Governo filipino luta para enviar ajuda a vítimas de tufão

  • 10 novembro 2013
Militares entregam suprimentos para desabrigados nas Filipinas (foto: Reuters)
Estradas danificadas e escombros dificultam trabalho das equipes de resgate nas Filipinas

Autoridades das Filipinas estão lutando para enviar socorro para algumas das áreas mais afetadas pelo tufão Haiyan – um dos mais mortíferos que já atingiu o país.

Mais de 10.000 pessoas teriam morrido na cidade de Tacloban, além de em centenas em outras localidades. Centenas de milhares estão desabrigadas.

O tufão destruiu casas, escolas e o aeroporto de Tacloban.

Equipes de socorro ainda não conseguiram chegar a algumas cidades e vilas isoladas.

Em muitas áreas não há água limpa, eletricidade e a comida começa a escassear.

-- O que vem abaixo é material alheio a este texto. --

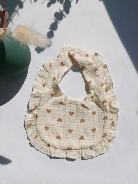Bavoir à volants - Coeurs marron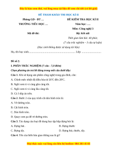 TRƯỜNG TIỂU HỌC … Năm học: …. Môn: Công nghệ 3 Mã đề thi: Bộ: Kết nối

Militares foram enviados para zonas de desastre e aviões militares estão transportando suprimentos. Mas a movimentação das equipes de socorro vem sendo prejudicada por escombros e estradas danificadas.

O papa Francisco pediu ajuda para as vítimas da catástrofe, em um país de maioria católica. "Infelizmente há muitas, muitas vítimas e os danos são imensos. Vamos tentar enviar ajuda concreta", disse o pontífice.

Vietnã

Na noite deste domingo o Haiyan chegou ao Vietnã. A primeira localidade atingida foi a província de Quang Ninh.

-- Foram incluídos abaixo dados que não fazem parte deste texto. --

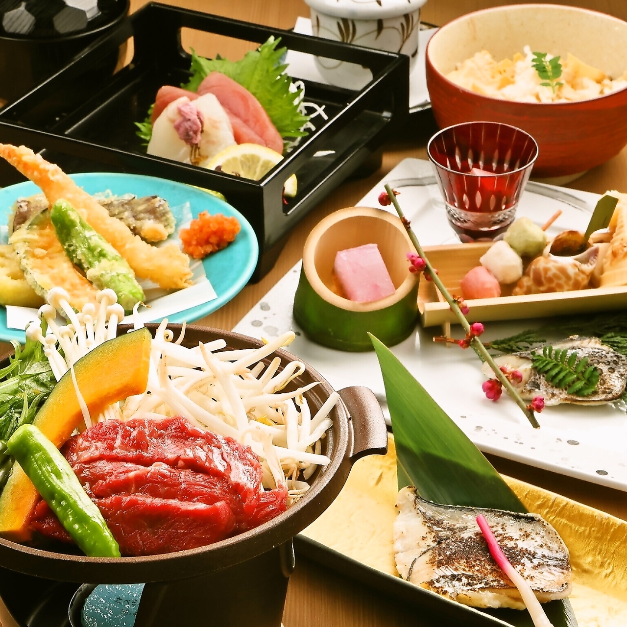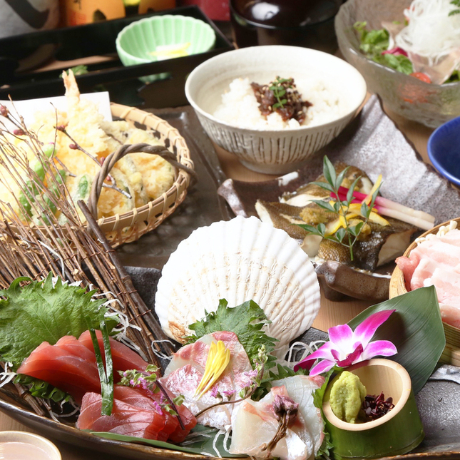 <1名様分ずつのセパレート個別盛りでご提供いたします> 【前菜】前菜五種盛り合わせ(よもぎ麩・鶏八幡巻・大根の含め煮・東錦貝旨煮・穴子煮凝り)) 【造里】造里二種盛り ~生本鮪赤身・愛媛県産真鯛~ ※内容は日によって変わります。 【揚物】海老とのどぐろ 季節野菜 天麩羅盛合せ 【焼物】鰆の西京焼き 【蒸物】ポルチーニと長芋の茶碗蒸し 紫円餡 【焼物】三元豚朴葉焼き 季節野菜 or 国産豚しゃぶしゃぶ 季節野菜 ※ご予約時にどちらか1つをお選び下さい。 記載がない場合、「三元豚朴葉焼き」でご提供致します。 【御飯】秋鮭と山菜の炊き込みご飯 【椀物】蜆の味噌汁 【香の物】漬物二種 ※お食事のみのコースとなります。 ※+1500円で飲み放題をお付けする事も可能です。 |

O tufão chegou com menos intensidade ao país, mas mesmo assim foram registrados ventos de 150 km/h e seis pessoas morreram até agora.

Temendo um cenário de devastação, o governo retirou mais de 600.000 pessoas de províncias do norte do país.

Falta de pessoal

As ações de socorro nas Filipinas estão sendo focadas na provícia oriental de Leyet e sua capital Tacloban.

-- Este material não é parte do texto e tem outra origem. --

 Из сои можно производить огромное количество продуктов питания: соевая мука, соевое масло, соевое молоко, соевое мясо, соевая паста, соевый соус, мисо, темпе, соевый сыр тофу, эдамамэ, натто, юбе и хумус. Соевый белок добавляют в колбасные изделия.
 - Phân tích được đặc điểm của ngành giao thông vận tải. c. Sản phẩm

Mas autoridades da cidade disseram estar tendo dificuldades para distribuir a ajuda e para controlar os saques e manter a segurança na região.

"Estão ocorrendo saques em galerias e grandes supermercados. Eles estão levando tudo, até mesmo produtos eletrônicos, como televisores. Talvez eles sejam trocados mais tarde por comida", disse o administrador da cidade Tecson John Lim.

"Não temos efetivo suficiente. Nós temos 2.000 empregados, mas apenas 100 vieram trabalhar. A maioria está se dedicando às suas famílias".

O presidente Benigno Aquino, que visitou Tacloban, prometeu enviar 300 policiais e soldados ao local para "trazer de volta a paz e a ordem".

Mas os moradores temem por sua segurança. "Tacloban foi totalmente destruída. Algumas pessoas estão perdendo a cabeça por causa da fome e por terem perdido suas famílias", disse o professor Andrew Pomeda à agência AFP.

"As pessoas estão ficando violentas. Estão saqueando estabelecimentos comerciais e mercados para achar comida, arroz e leite... Temo que em uma semana as pessoas comecem a matar por causa da fome".

O correspondente da BBC Rupert Wingfield-Hayes relata que a cena em Tacloban é uma devastação total.

Segundo ele, centenas de pessoas estão no aeroporto – que também foi devastado – tentando achar um vôo para sair da cidade.

O secretário do Interior das Filipinas, Mar Roxas, disse que a escala da operação necessária para socorro é esmagadora, pois há áreas no país descritas como desertos de lama e escombros.

"De um helicóptero é possível ver a extensão da devastação. Da faixa da praia até uma distância de um quilômetro não sobrou nenhuma estrutura. Foi como um tsunami", ele afirmou à agência Reuters.

Uma autoridade da ONU que chegou em Tacloban no sábado, Sebastian Rhodes Stampa, afirmou ter sido informado que a água atingiu uma altura entre três e dez metros em diferentes pontos da cidade.

Em outra provincial do leste, Samar, rádios locais afirmaram que ao menos 300 pessoas morreram na cidade de Basey e outras 2.000 permanecem desaparecidas ou feridas.

Em Mindoro, uma província do oeste, a cidade de Baco estaria 80% inundada.

O último relatório oficial divulgado no domingo pelas autoridades confirma 229 mortes e 630 mil desabrigados.